For the past few weeks, for the past few months, I've been sick and exhausted.  As I sat and coughed, I started questioning, again, the way I was living my life. I did  the math, again, and realized that I can stop my 40-hour work week right now if I want to.  But what do I want to do instead?

I felt a rush of excitement.  The last time my world seemed so limitless, I was 22 years old, just graduated from college.  I could do anything, but I decided to move to the Pacific Northwest and figure out how to take care of myself.   My choice was going to determine the next 30 years of my life, but I didn't realize it at the time.  Instead, I boxed up everything I had:  4 boxes of stereo equipment, 1 box of dishes, 1 box of priority 1 books, 1 box of priority 2 books, and several more boxes of priority 3 books.   A box of records.  A box of winter clothes, a box of summer clothes.  Boxes of paper and other school work.  A trunk, a suitcase, and a violin came with me on the train, and my Dad mailed the rest after me in dribs and drabs.  It took a few years before the last box of books came my way, but it didn't take long to find a place to live, a job to do, and friends to play with.  I had a life, and my whole goal was to take care of business.  The limitless possibilities contracted to a settled domesticity, with plenty of activities, travel, and music.

30 years later, and I have fewer books, no albums or CDs or stereo system,  more clothes, and a LOT more dishes.  Not to mention furniture, art, and craft supplies.  But, I've pared down again, and I realize how very little I need to be happy.  I don't want to give up the beautiful things I've collected, but I don't need them.  What I want is to be free.  And, I no longer want to take care of business.  Or rather, taking care of business is no longer my primary goal. 

I am realizing that it's time to start figuring out the Third Act.  The First Act was preparation:  growing up, figuring out my skills, learning how to learn.  The second act was existing:  finding a way to be productive and creative, and doing it.  But, it was also preparation: while I didn't believe that the world and the economy of the future were predictable, I did spend a little time preparing for them.  Hence, the pension plan, the retirement fund, the house. 

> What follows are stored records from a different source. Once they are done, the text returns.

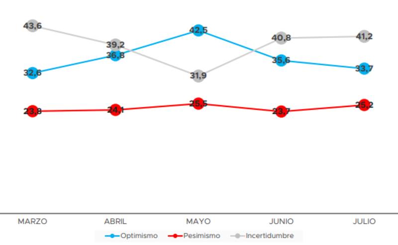 Por último, la respuesta "incertidumbre" se impuso por segunda encuesta consecutiva en el apartado "¿Qué sensación le genera el rumbo del país?", con una baja del optimismo y una estabilización del pesimismo que detectó el informe.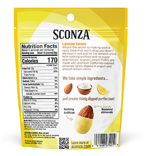 Roasted almonds thinly covered in yogurt and lemon cream.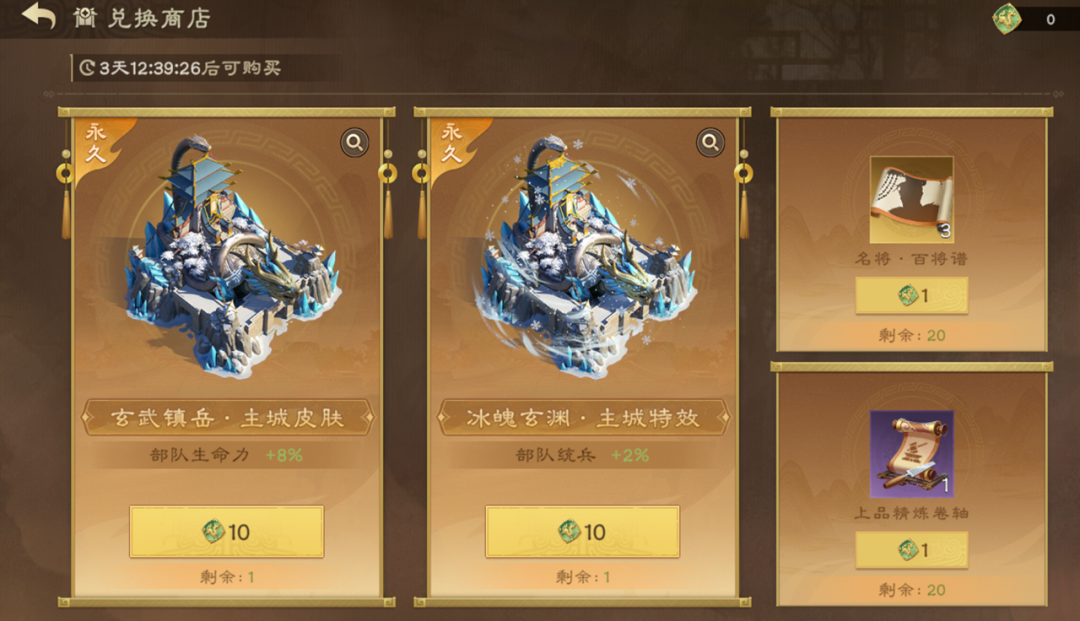 ●也可消耗九州币直接兑换“玄武镇岳”主城皮肤以及“冰魄玄渊”主城特效;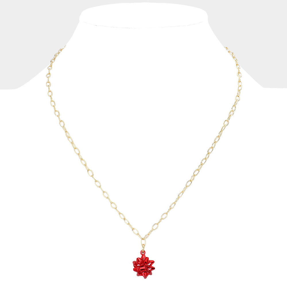18K Gold Dipped Christmas Gift Bow Pendant Necklace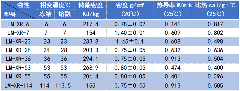 LM-XR系列產(chǎn)品由主儲能劑、相變調(diào)整劑、防過冷劑、防相分離劑、誘發(fā)劑等多組分復(fù)合制備而成。本品通過固-液-固相態(tài)變化實現(xiàn)熱能的儲存和釋放,具有較高的儲能密度及合適的比熱和導(dǎo)熱系數(shù)。本品不易揮發(fā)、安全可靠,可以反復(fù)使用。

Now, I'm cashing in the house, and I'm suddenly thinking:  should I cash in the rest?  Should I quit with the existing, and move on to the living?  Is it time to stop preparing and being and start acting?  I feel limitless, but restless.  I have been sitting here with my cold that has morphed into pneumonia and bronchitis.  And I think, there has to be more to life than working, sleeping, and coughing.   People are dying, strength is a finite commodity:  if I'm going to expand my horizons, I need to do it now.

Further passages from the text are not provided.